The limousine stops. The door opens.

We're at Fairview Cemetery. I didn't know we were going here.

Roger's here.

I don't look for him, though. I'm not here for Roger. I'm here for Bobby. I'm here for Mrs. Swisher.

The grass has been freshly cut around the gravesite, a mound of dirt just outside the little tent over the … the hole in the ground.
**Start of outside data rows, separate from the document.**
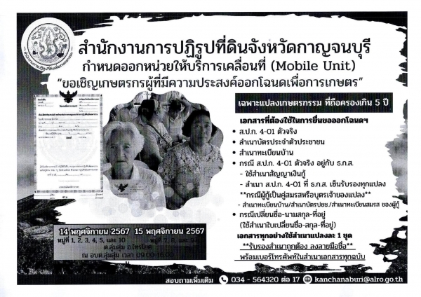 ที่ทำประโยชน์ในที่ดิน สปก และมีใบ สปก 4-01 ต้องการเปลี่ยนเป็นโฉนดเพื่อการเกษตร ให้มาติดต่อตามวัน เวลา ที่แจ้ง ด้วย อบต.ลุ่มสุ่ม ร่วมกับ สำนักงานการปฏิรูปที่ดินเพื่อเกษตรกร หรือ ส.ป.ก.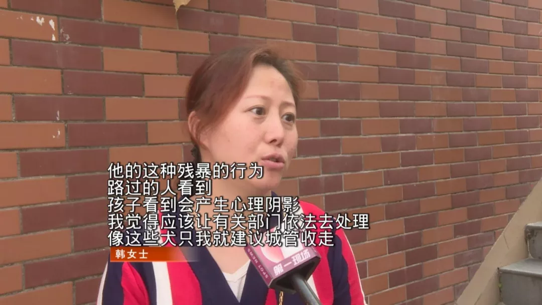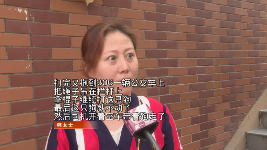不過,當韓女士向工作人員提出要查看狗證時,工作人員改口說這是一條流浪狗,咬了人才打它,并用繩子拴住狗繼續(xù)打,最后把它拖上了一輛公交車。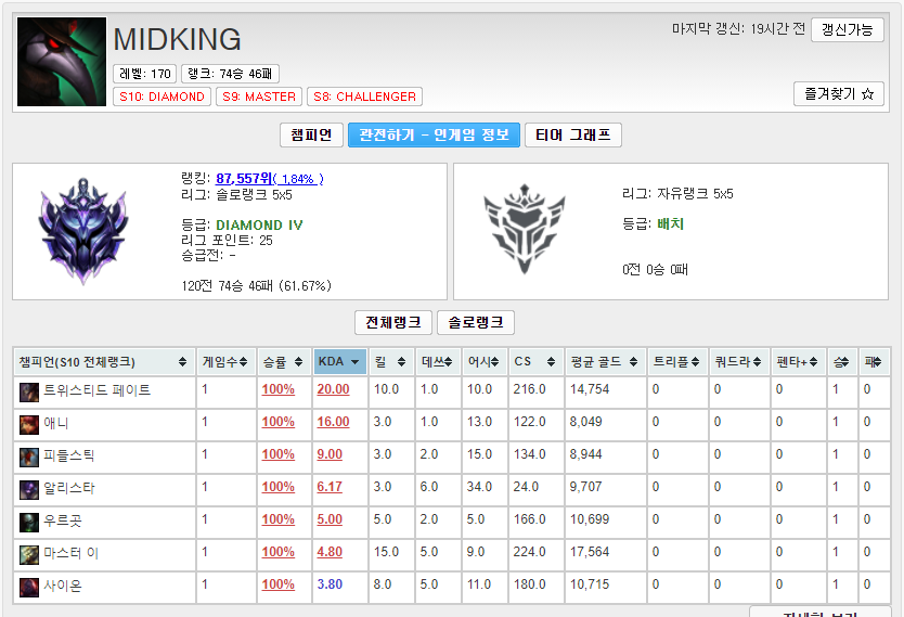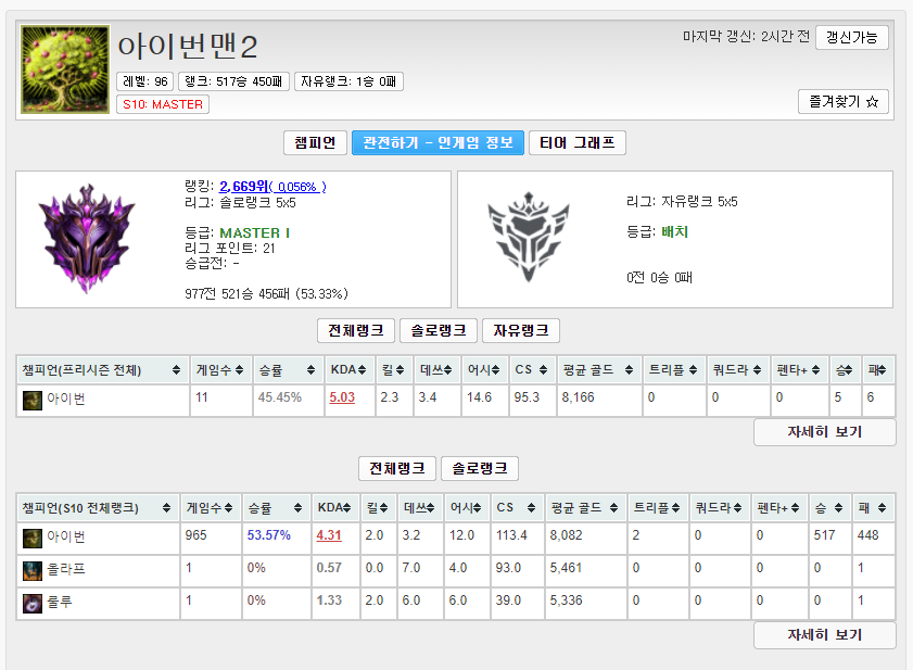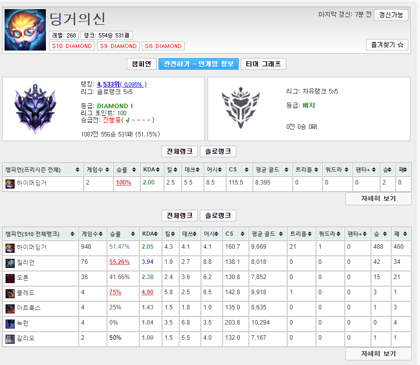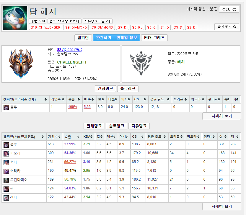 2인 솔랭 및 자유랭크 3인큐, 5인큐, 격전, 마이너 대회 및 1부리그 대회 제외함.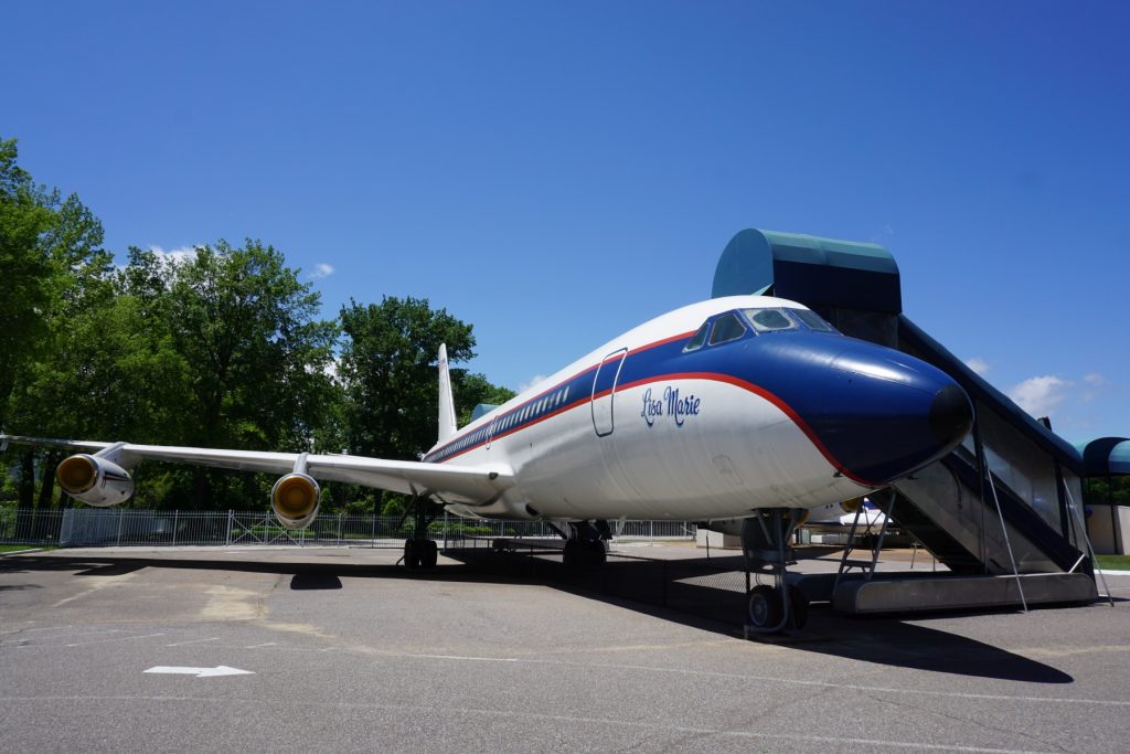 Der letzte Bereich zeigt seine beiden Flugzeuge. Die umgebaute Boing war sein zweites Graceland und nur mit den feinsten Stoffen und sehr exklusiv eingerichtet.

I can't look at that hole, so I focus on the tree that will give Bobby shade for eternity right there on Roanoke Avenue. I'll bet I will be able to see his resting space every time I pass by on Salem Turnpike. So many floral arrangements all over the place, roses and lily arrangements, so colorful, so—

There's Roger.

I catch my breath as I catch his eyes, and he doesn't look away. I drop my eyes to Mrs. Swisher's hand, holding my hand tightly. A gray-haired man leads us in a long prayer. We sing several hymns. A few people tell stories about Bobby, but I can't hear them because Bobby is in my head humming while I'm about to
make a wrong move in a chess game, and he's whispering his moves, and if I tune him out to listen to these people, I'll lose his voice forever and—

Oh God, there's a red rose in my hand! I don't want to put it on the casket, I don't want to move from this place, I want to stay here holding this flower, I want to save this flower and put it in a vase to put on my kitchen table to remind me of a boy with shining eyes who loved me….

It's as if I'm in a dream. I see the casket get bigger, and bigger and see my hand laying the rose on the dark wood, and then I'm standing and watching the casket being lowered into the ground, into the cold, dark, unforgiving ground, and there's someone singing, and it's beautiful, something about never walking alone, and the song ends, and I'm walking away in the sunshine while Roger—

Roger.

I want to talk to Roger.

I want to cry all night on his shoulder.

He's standing over by that hole in the ground telling two men what to do, and—

“Will you come to the house?” Mrs. Swisher asks.

I look down. I'm still holding her hand. “I … I don't think I can.”

“I understand.”

But I don't! I don't understand! I want to understand this. I have been through the deaths of three relationships, the death of Juan Carlos's mama, and the death of a child who loved me, and I still don't get it! Why is all this shit happening?